Thank you for the comments on this thread. There hasn't been much engagement, so we'll discuss this proposal further in a regular SG16 meeting; hopefully the one scheduled for next week.

On Tuesday, LEWG approved forwarding the paper contingent on further SG16 review.

Tom.

On 1/27/25 4:01 PM, Corentin Jabot via SG16 wrote:


On Mon, Jan 27, 2025 at 9:31 PM Alisdair Meredith <alisdairm@me.com> wrote:


On Jan 27, 2025, at 3:22 PM, Corentin Jabot via SG16 <sg16@lists.isocpp.org> wrote:

On Mon, Jan 27, 2025 at 7:00 PM Tom Honermann via SG16 <sg16@lists.isocpp.org> wrote:
  • Handling of escape sequences needs more specification. This does not appear to have been addressed.
Meh. Should we want restrictions, they would be the same for static_assert, and I tend to see it's purely QOI

My thoughts are that we treat the supplied message like an unevaluated string.

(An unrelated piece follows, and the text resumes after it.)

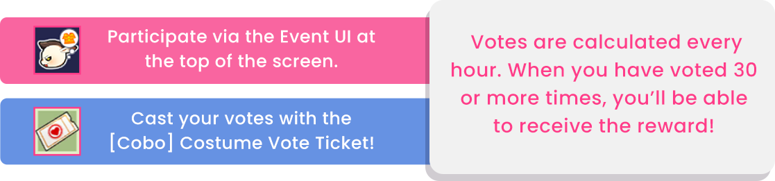 to earn 3 [Cobo] Costume Vote Tickets!

Quoting [lex.string.uneval]:

> Each universal-character-name and each simple-escape-sequence in an unevaluated-string is replaced by the
> member of the translation character set it denotes. An unevaluated-string that contains a numeric-escape-
> sequence or a conditional-escape-sequence is ill-formed.

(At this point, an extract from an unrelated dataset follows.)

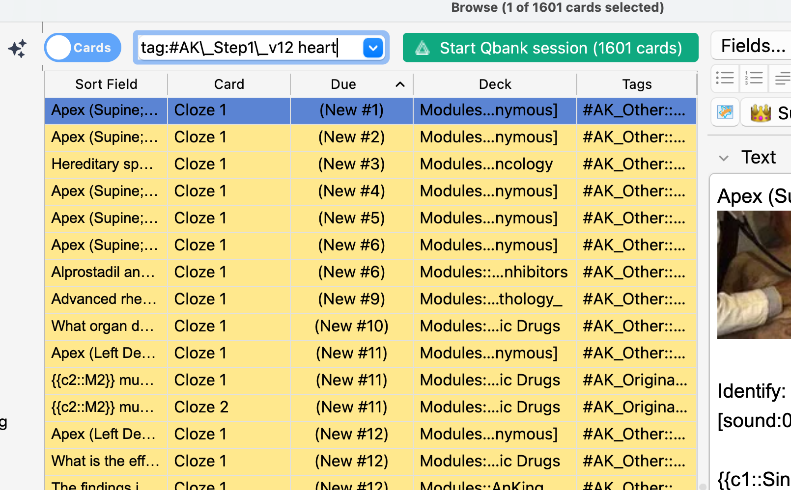 - In Anki desktop, search in the Browser for

My suggestion would be to add “and is processed as an unevaluated-string.” To the end of p2 of the library wording.

That should handle making numeric and conditional escape sequences ill-formed, and map the universal names and simple escape sequences to their corresponding sequence of UTF-8 encoded code points.

No, unevaluated strings are always UTF-8, and are lexical constructs (they are constrained string literals) - So we can't talk about unevaluated-strings in library wording.
What barry proposes takes an expression, which is post phase 6 (ie the string is converted to the literal encoding (not necessarily UTF-8), escape sequences are replaced by their respective control characters, numeric escape sequences are converted to code units and injected, etc)

So I should have been more clear that the question is really whether we want to restrict control/non-printable characters rather than escape sequences. Sorry about that

 

AlisdairM